COVID-19 has become endemic and a milder disease but remains highly transmissible. Awareness of the limitations of genetic vaccines is apparent, although resistance by authorities to change continues. COVID-19 and influenza vaccines share limitations common to all airway virus infections: limited efficacy, inability to prevent mucosal infection or viral transmission. They do not induce sterilising or herd immunity. Cumulative deaths from COVID-19 in Australia align with world figures. The shift in Australian mortality in 2022 in a highly vaccinated population questioned both vaccination efficacy against new variant virus and the capacity of industry to match antigen change with effective genetic vaccines. Programmes based on repeated vaccination without considered spacing, to avoid net suppression and disease promotion, reflect the dominance of narrative over scientific knowledge. The extraordinary act of registering two relatively ineffective and untested antivirals with many disadvantages, costing over $A1,000 per course, while refusing to accept cheap, effective repurposed drugs, reflects a new reality for medicine in the COVID era where clinical decisions are made outside the traditional doctor-patient relationship.
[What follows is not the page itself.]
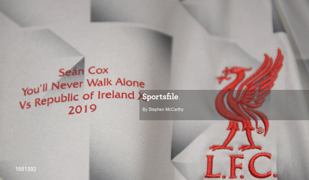 12 April 2019; A detailed view of the Liverpool FC Legends jersey prior to the Sean Cox Fundraiser match between the Republic of Ireland XI and Liverpool FC Legends at the Aviva Stadium in Dublin. Photo by Stephen McCarthy/Sportsfile.

There are numerous reasons why mRNA vaccines – be they the current COVID-19 vaccines or planned vaccines to be produced from new manufacturing plants in Australia (all new mRNA vaccines will share the potential dangers of systemic antigen synthesis and incorporation of genetic information into host DNA) – should be stopped, investigated, and modified if found wanting, to comply with traditional regulatory standards. There is no evidence that genetic vaccines offer advantage over antigen vaccines.
The two-year Report Card is a simple one: a lot of red flags to be heeded and one green one to be acted upon!